InterQuest Group Ltd
- Type: Private
- Founded: 2001
- Headquarters: Salford, UK
- Website: InterQuest Group

= InterQuest Group Ltd =

British recruitment business

InterQuest Group Ltd is a recruitment business that specialises within high growth areas of the new digital economy – information security, analytics, digital, telecom and technology. InterQuest Group operates across all industry sectors with a particular focus on financial markets, public sector and professional services.

The InterQuest Group has its head office in Salford, with additional offices throughout the UK. In December 2013 the London Stock Exchange listed the InterQuest Group amongst its "1000 Companies to inspire Britain".

== History ==
InterQuest has been trading since 2001, but the acquisition of the individual brands give the company a combined recruitment experience of more than 100 years. During this time, InterQuest Group has grown to a £151 million turnover company.

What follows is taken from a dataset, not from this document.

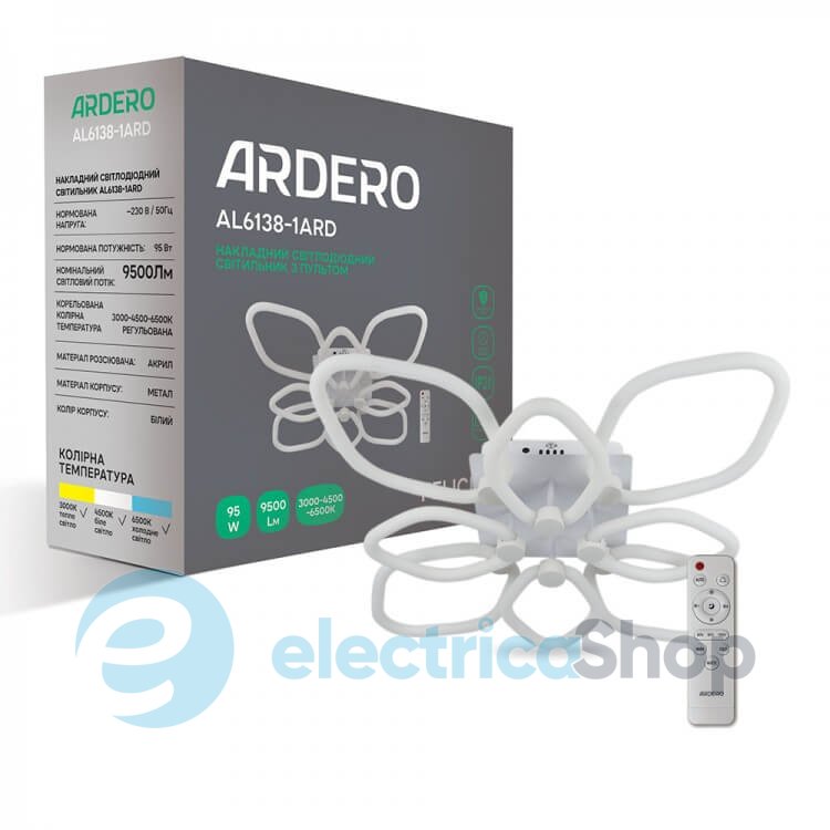 - Функції: Функція димера, На пульті керування, Режим нічника, 3 режими температури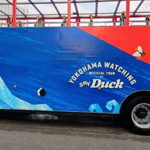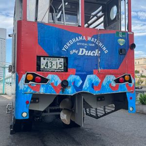 背の高いスカイダックに乗車して、いつもの景色とは違う横浜観光。

InterQuest Group's growth has happened as a result of both organic growth and strategic acquisition. The organic growth has come about as a result of a multi-brand strategy which permits each brand to operate within a clearly defined area technical specialisation – information security, analytics, digital, telecom and technology.

In 2012/2013 the InterQuest Group underwent a large scale restructuring, which alongside their acquisition of ECOM, was largely attributed to its posting of positive annual financial reports in early 2014.

== Brands ==
=== ECOM Recruitment ===

ECOM Recruitment is a recruitment business that specialises within the digital marketplace covering disciplines across UX, design, development, technology, product and project management, marketing and eCommerce. It is a subsidiary of InterQuest Group Ltd and is based in London with operations in Manchester and New York.

==== History ====
ECOM was established in Camden, London in 1999 and experienced a period of growth in the digital industry, recruiting talent for numerous companies in the Top 100 (New Media Age) list of digital agencies. They also worked with a number of recognisable brands in the UK including Retailers, Dot-com companies, Media, Publishing and FMCG businesses.

ECOM Recruitment Ltd was acquired by IT staffing firm InterQuest Group in November 2013 and its consultants operated in the digital industries across the UK. In 2015, ECOM's London based division was restructured to counter the challenging environment with lower than expected volume of work from the agency sector.

==== Events ====
ECOM operates a specialist model of recruitment where their consultants attend meetups and training events for the people that they recruit. They have sponsored and exhibited at events such as UXey, UX In The City in 2017 and 2018, Deliver Conference 2018, UpFront Conference, NUX6, NUX7 and NUX8. ECOM also hosts events at their offices for local digital talent to attend such as London Python Sprints in London and UX Sessions in Manchester.

== In the media ==
InterQuest plays an active role in establishing best practice and standards for human resources and staffing professionals, working with industry bodies like the CIPD and REC in outlining best practice and standards. InterQuest's former CEO Mark Braund was a regular contributor for the Huffington Post on topics including technology, analytics, recruitment and HR. InterQuest Group's senior management team have contributed to various publications and websites, including the Huffington Post, Information Age, Computer World UK, the Financial Times, The Staffing Stream, OnRec and Recruiter.